Deep Learning Based Approach for Main and RF Field Maps Estimation in MRI
Kavitha Manickam1 and Jaganathan Vellagoundar1

1GE Healthcare, Bangalore, India


In MRI, automatic estimation of main (B0) and RF (B1) field maps from the scanned images will help daily quality assurance and field corrected reconstruction. In this paper, a novel approach based on deep learning technique is presented to estimate B0 and B1 maps from the scanned images. A modified version of stacked convolutional encoder with random skip connections deep learning network is constructed. Two separate networks are used to estimate B0 and B1 maps individually. The networks are trained and tested with phantom images. The results show that the estimated maps are comparable to the actual field maps. Automatic map estimation based on deep learning approach is the first step towards achieving daily quality assurance and field correction from the regular scanned images.
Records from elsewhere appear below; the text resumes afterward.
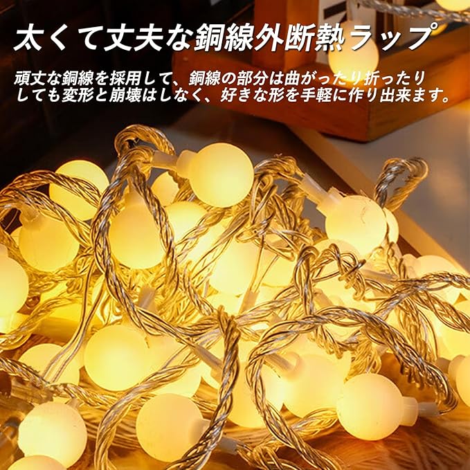 【耐久性&安全性】デコレーションライトは高品質な純銅線と環境に優しい柔らかいTPV素材を採用し、柔らかく強靭で折れにくい。電球は環境に配慮した省エネLEDを採用しており、消費電力が少なく、数時間の作業で発熱や火傷の心配がなく、触っても安全です。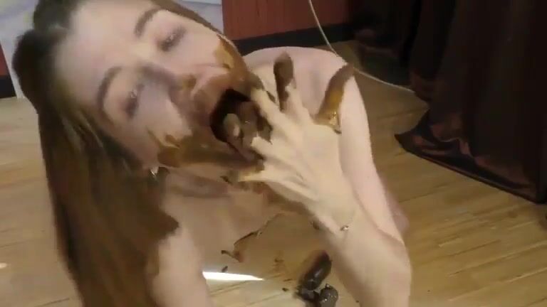 Cute teen brunette babe smearing and shit licking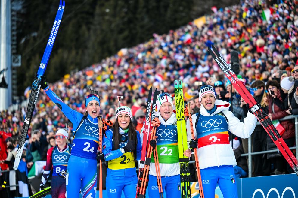 France opened the biathlon program by winning gold in the mixed 4x6km relay. Anchor Julia Simon shot clean, hitting all 10 targets, as France finished in 1:04:15.5. Italy earned silver on home snow, with Germany taking bronze.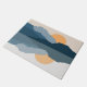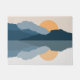 Abstract colourful illustration of sunrise with blue mountains reflected in the lake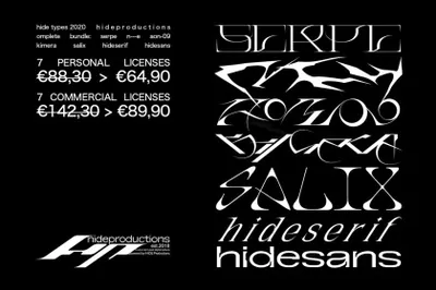 我们很高兴与您分享这个独家捆绑包:一次提供所有 HIDE Productions 字体。目前已更新到:HT14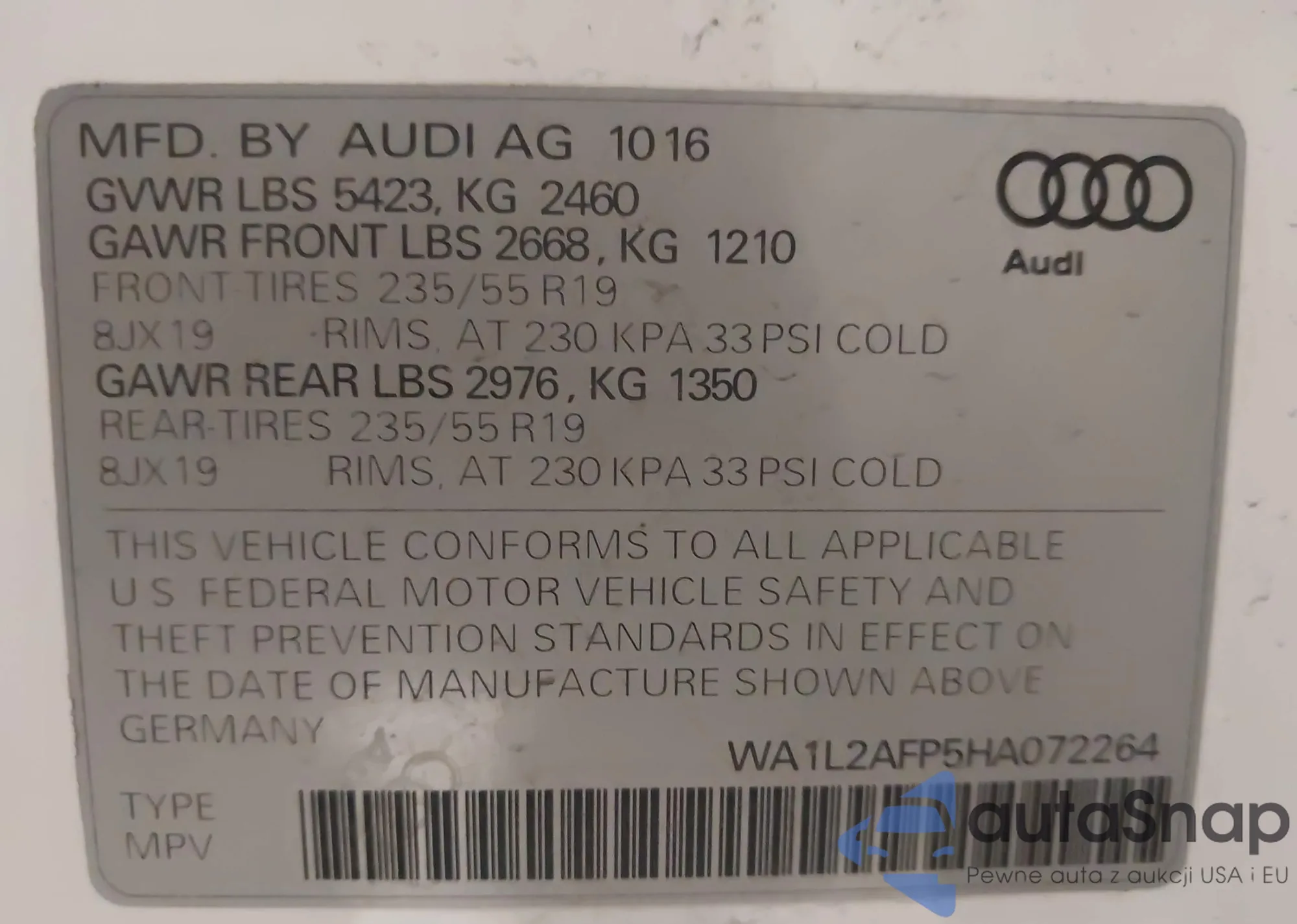 Samochód Audi Q5 2017 (VIN WA1L2AFP5HA072264) nie był wcześniej licytowany. Dokumenty są czyste, przebieg odpowiada lub jest niższy niż średnia rynku. Sprzedaje go firma ubezpieczeniowa – polecamy zakup. Dostawa do portu zajmie ok. 6–8 tygodni.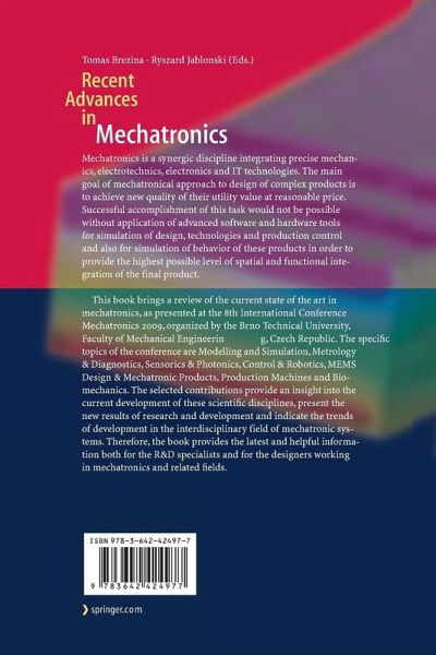 This book brings a review of the current state of the art in mechatronics, as presented at the 8th International Conference Mechatronics 2009, organized by the Brno Technical University, Faculty of Mechanical Engineering, Czech Republic. The specific topics of the conference are Modelling and Simulation, Metrology & Diagnostics, Sensorics & Photonics, Control & Robotics, MEMS Design & Mechatronic Products, Production Machines and Biomechanics. The selected contributions provide an insight into the current development of these scientific disciplines, present the new results of research and development and indicate the trends of development in the interdisciplinary field of mechatronic systems. Therefore, the book provides the latest and helpful information both for the R&D specialists and for the designers working in mechatronics and related fields.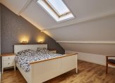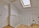 De slaapkamer is heerlijk ruim en voorzien van een nette laminaatvloer en keurige wanden. De slaapkamer is bovendien voorzien van een groot dakraam.

In MRI, poor B0 and B1 fields homogeneity affects the quality of the scanned images. Poor field inhomogeneity leads to artifacts, signal loss and undesired effect on fat suppression1. For the field-corrected MR reconstruction, one must have an available accurate estimate of the field maps. To assess the undesired field drifts in MR systems, periodic quality assurance of MR system is done by scanning a specific phantom with a specific set of protocols2. Generally, the procedure is done daily basis for proper quality assurance. However, for a better clinical use case, it is desirable to have a continuous and automatic way of quality assessment from the scanned images on the fly. As a first step towards that direction, we propose a deep learning (DL) based approach to extract the B0 and B1 maps from the scanned images. The maps can be further used to assess the field drifts of MR system. In addition, the maps also can be used for field correction in MR images. This work is a preliminary study based on the phantom images and few pulse sequences. The proposed method can be extended further with clinical images and more pulse sequences.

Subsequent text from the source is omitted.